С этих пор Барбру сама начала ухаживать за ребенком. Однажды, еще лежа в постели, она попросила у старой Лизы чистые пеленки. Старуха отвечала, что пеленки все вышли, но можно их выстирать.
Барбру покраснела, и слезы выступили у нее на глазах.
— Бедный малыш, можно подумать, что ты родился у нищенки, — прошептала она.
— Тебе самой следовало бы позаботиться об этом, — сказала старуха. — Интересно, чтобы ты стала делать, если бы я не захватила кое-что из детского белья.
Прошлое снова встало перед Барбру. Мрачное отчаяние, мучившее ее всю зиму, опять охватило ее, и она жестко произнесла:
— Этому ребенку лучше бы вовсе не родиться.
На следующий день Барбру встала с постели. Она достала нитки, иголки и, накроив простынок, стала шить ребенку белье. Во время работы тяжелые мысли снова завладели ею. «К чему мне заботиться о нем? Лучше всего пойти и броситься с ним в болото, все равно нам этого не миновать».
Она пошла к старой Лизе, доившей коров перед отправкой их в лес.
— Лиза, ты не знаешь, сколько времени надо ждать, чтобы убедиться, зрячий ребенок или слепой?
— Это можно узнать через неделю, или через две, — ответила старуха.
Барбру снова принялась за работу. Когда она взялась за ножницы, то увидела, что рука ее сильно дрожит и режет вкривь и вкось.
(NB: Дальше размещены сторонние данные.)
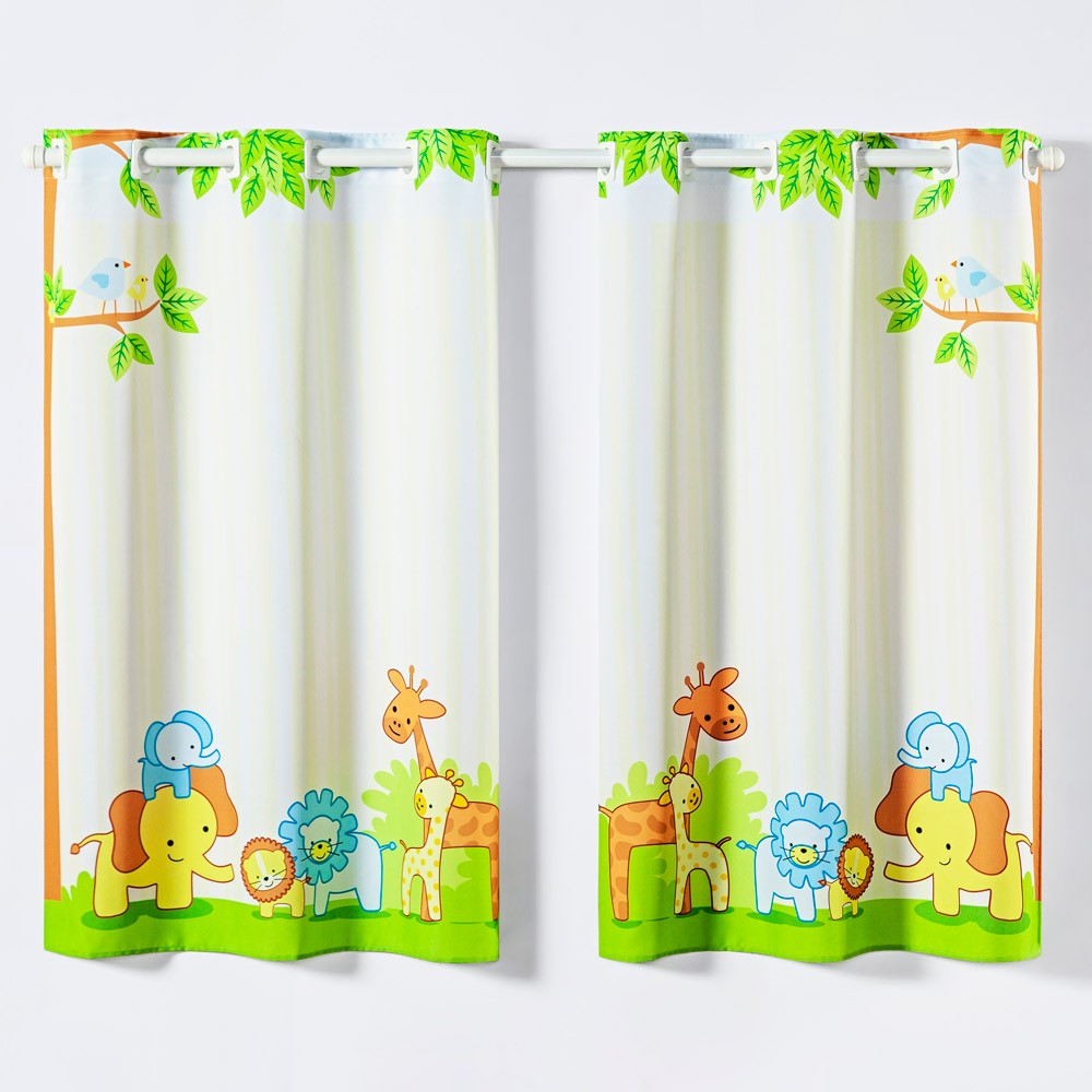 Cortina Kids Infantil Varão Tecido Oxford 2,00m X 1,30m - Bichinhos Safari Verde

По временам дрожь охватывала все ее тело, и она бросила работу. «Господи, что же это со мной? Неужели я дрожу от радости при мысли оставить малыша у себя еще на две недели?»
У старой Лизы было в лесу немало работы. Она должна была смотреть за коровами и заботиться о молоке. Барбру возилась все время с ребенком и ни в чем ей не помогала.
— Ты могла бы делать что-нибудь вместо того, чтобы все время глазеть на ребенка, — сказала однажды старуха, совершенно выбившись из сил.
Барбру встала и вышла из избы, но на пороге она обернулась.
— Погоди немного, летом у тебя будет помощница, — сказала она. — А до тех пор я не отойду от него.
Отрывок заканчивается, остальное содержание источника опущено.